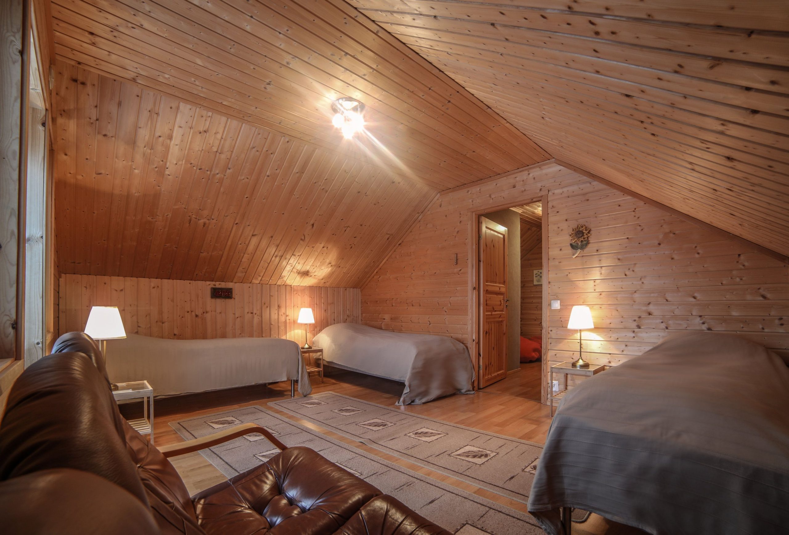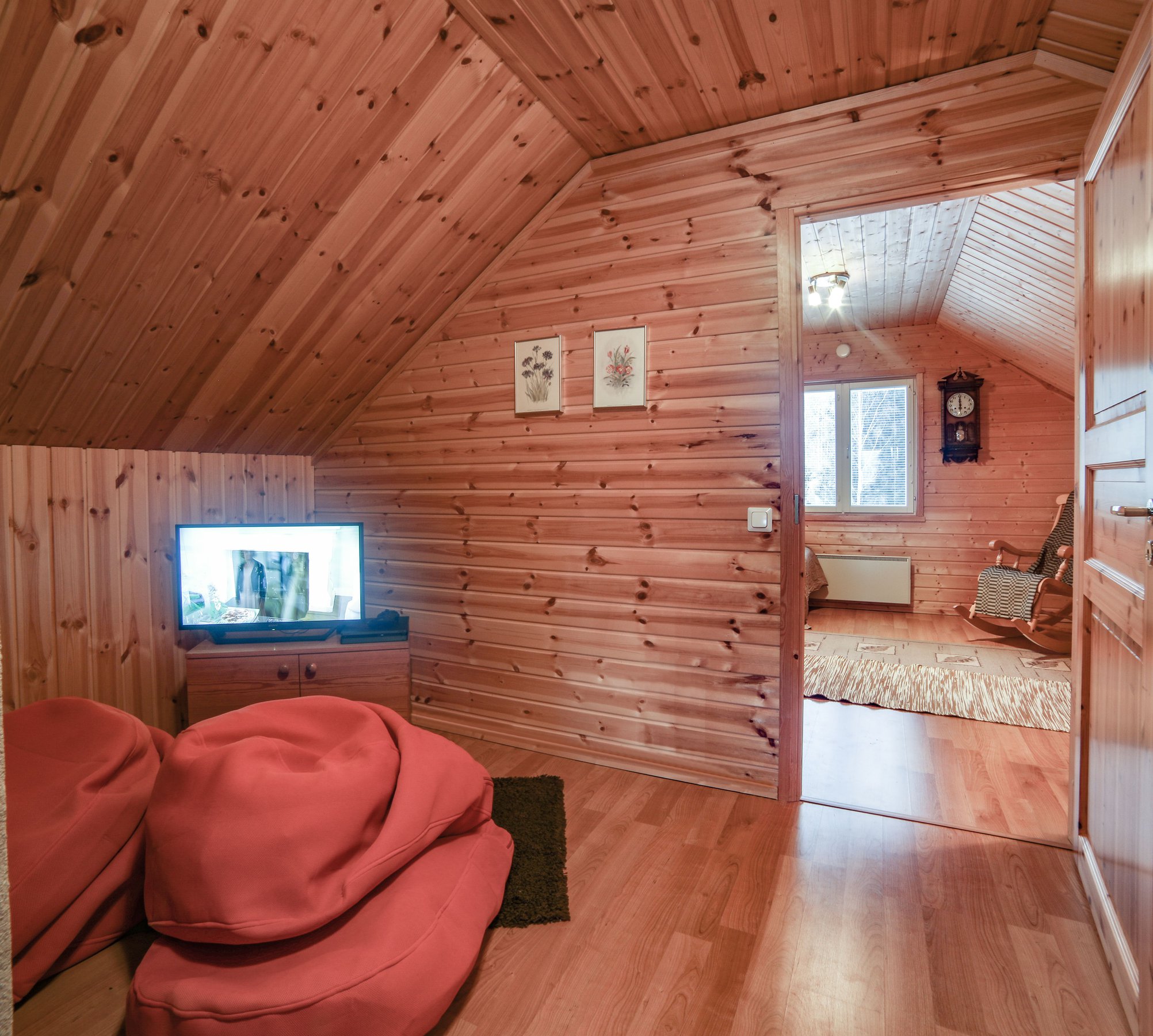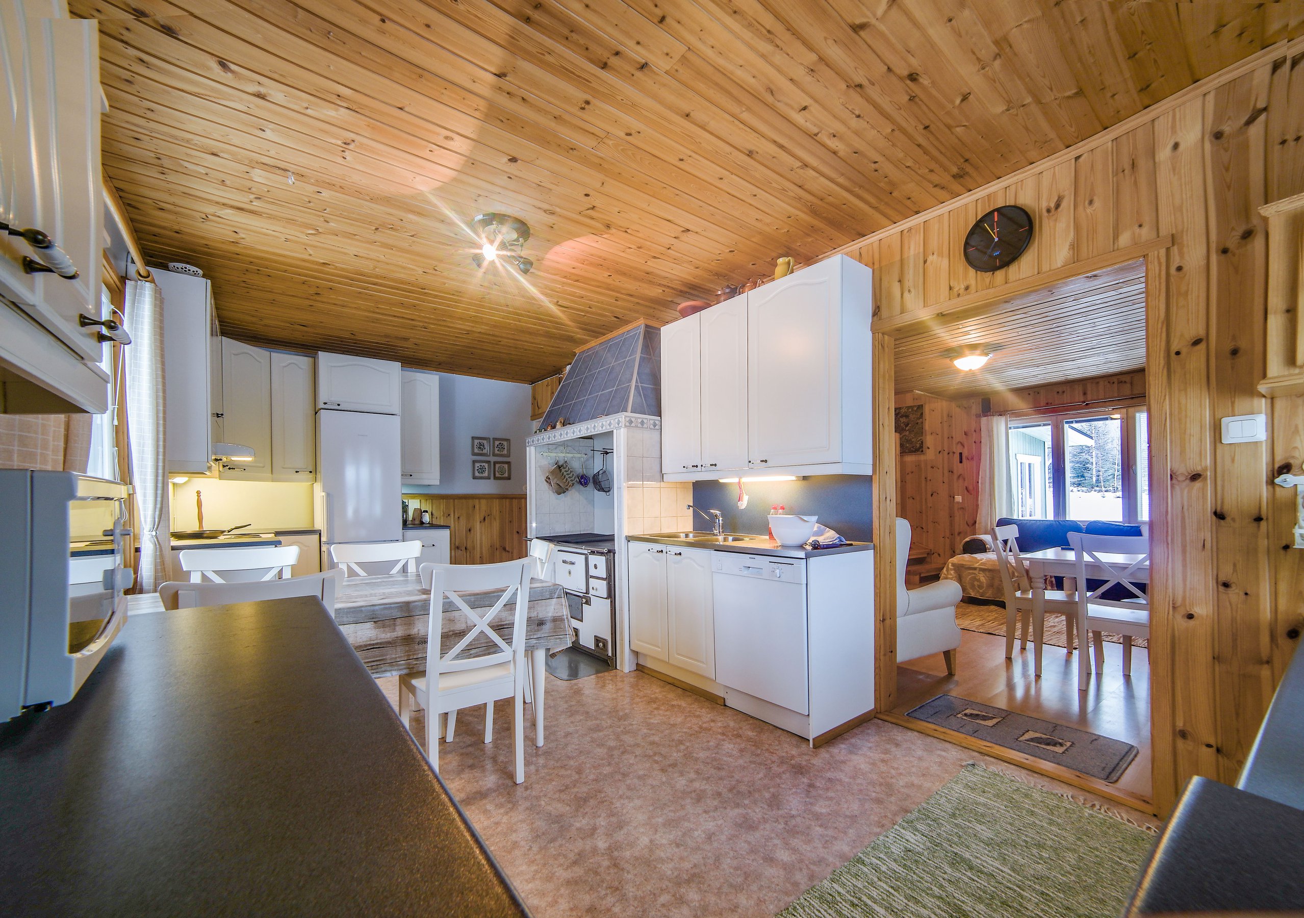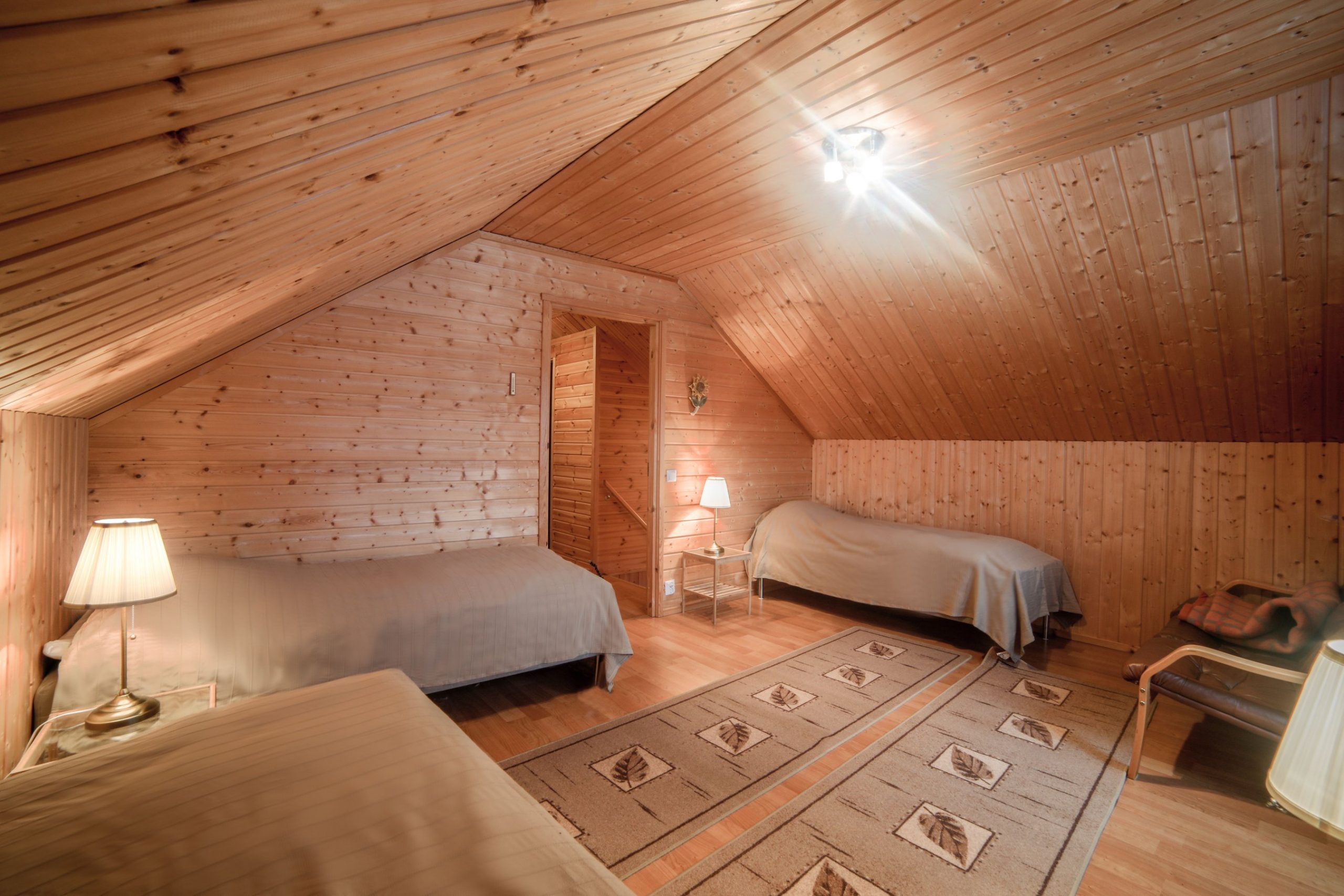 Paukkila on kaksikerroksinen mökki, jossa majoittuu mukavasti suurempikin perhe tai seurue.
■ ■ ■
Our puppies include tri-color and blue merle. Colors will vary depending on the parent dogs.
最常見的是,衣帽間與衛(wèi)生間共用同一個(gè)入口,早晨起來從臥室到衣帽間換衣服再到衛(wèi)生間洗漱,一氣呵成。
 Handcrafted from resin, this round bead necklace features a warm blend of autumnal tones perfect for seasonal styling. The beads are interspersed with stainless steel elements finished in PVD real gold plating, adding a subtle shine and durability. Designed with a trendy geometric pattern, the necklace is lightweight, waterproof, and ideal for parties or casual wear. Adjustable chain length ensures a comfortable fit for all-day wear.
■ ■ ■
» Problem: Return, unchanged, the run of lines above that opens with the line containing "最常見的是,衣帽間與衛(wè" and closes with the line containing "Handcrafted from resin, this". Include both.

» Exercise solution:
最常見的是,衣帽間與衛(wèi)生間共用同一個(gè)入口,早晨起來從臥室到衣帽間換衣服再到衛(wèi)生間洗漱,一氣呵成。
 Handcrafted from resin, this round bead necklace features a warm blend of autumnal tones perfect for seasonal styling. The beads are interspersed with stainless steel elements finished in PVD real gold plating, adding a subtle shine and durability. Designed with a trendy geometric pattern, the necklace is lightweight, waterproof, and ideal for parties or casual wear. Adjustable chain length ensures a comfortable fit for all-day wear.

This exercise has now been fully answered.